Если провести аналогию с автомобилем, то мы, по сути, все это время ездили на автомобилях с иностранными номерами. Соответственно, и техосмотры проходили не в России, а там, за рубежом. И это всех устраивало.
— Почему это устраивало наши авиационные власти?
— Такая система родилась давно, еще в 90-е, и связано это с тем, что был некий переходный период, когда у нас в стране действовало еще старое советское законодательство и не было стандартов эксплуатации иностранных самолетов. Плюс в этих офшорах действует англосаксонская правовая система, по которой собственникам легче защищать свое имущество.
Ну а после того, как Запад ввел санкции, администрации Бермуд, Ирландии и прочих офшоров остановили сертификаты летной годности на эти самолеты. Юридически на них летать стало невозможно. Тогда у нас было принято решение перерегистрировать эти самолеты в российский реестр, и в течение месяца практически 90% самолетов были зарегистрированы у нас в стране.

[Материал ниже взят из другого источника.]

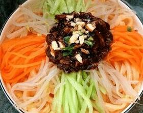 面条装碗里少加汤放黄瓜丝胡萝卜丝豆芽最后把炸好的酱舀一大勺放上面调拌均匀食用

— Что при этом изменилось?
— Это примерно так же, как будто вы сняли с регистрации автомобиль в Московском регионе и поставили на учет в Самарском, поменяли номера и получили новые документы. Стало ли авто от этого более небезопасным. Нет, конечно.
— Но самолеты после перерегистрации все равно числятся в двух местах. И это главная претензия ИКАО.
— Вопрос в том, что эти авиационные офшоры не хотят снимать со своей регистрации эти самолеты, искусственно создавая ситуацию с двойной регистрацией. При этом они заявляют, что, дескать, из-за этого в России небезопасно летать.
Но позвольте, Россия — член ИКАО и всех конвенций. Один из официальных языков ИКАО — русский. Россия имеет очень высокий статус в этой организации, и наши авиационные власти имеют уж точно не меньше прав самостоятельно регистрировать и выдавать сертификаты летной годности, чем Бермуды или Ирландия.
Более того, как вы сказали, эти претензии были указаны в закрытом бюллетене ИКАО. Если бы на самом деле самолеты в России эксплуатировались небезопасно, это значилось бы не в закрытом документе. Мы бы уже официально и открыто получили от ИКАО «красную карточку».
А сейчас выходит, до осени нам летать пока можно, а там, говорят нам, мы уже решим, безопасно или нет. Если бы мы действительно что-то существенное нарушили, этот вопрос решили бы прямо сейчас. Последовали бы какие-то серьезные акции, вплоть до приостановки нашего членства в ИКАО.
— То есть это чисто юридическая проблема? Думаете, она разрешима?
— Думаю, да. Более того, в одном из предыдущих пакетов санкций Евросоюз принял послабление, сказав: самолеты, находящиеся в лизинге в России, могут там и оставаться.
— Сначала они требовали, чтобы мы их вернули?
— Да. Но это их имущество на десятки миллиардов долларов, которое будет у них стоять без дела и ржаветь. Зачем им это? Потому они и приняли такое решение, но при условии, что самолеты в Евросоюз уже не вернутся и останутся в России навсегда. Значит, лизингодатели заинтересованы, чтобы их самолеты летали, чтобы мы им платили лизинговые платежи, чтобы самолеты были застрахованы, причем западными же компаниями. Из-за чего они, собственно, и сняли санкции в области авиационного страхования.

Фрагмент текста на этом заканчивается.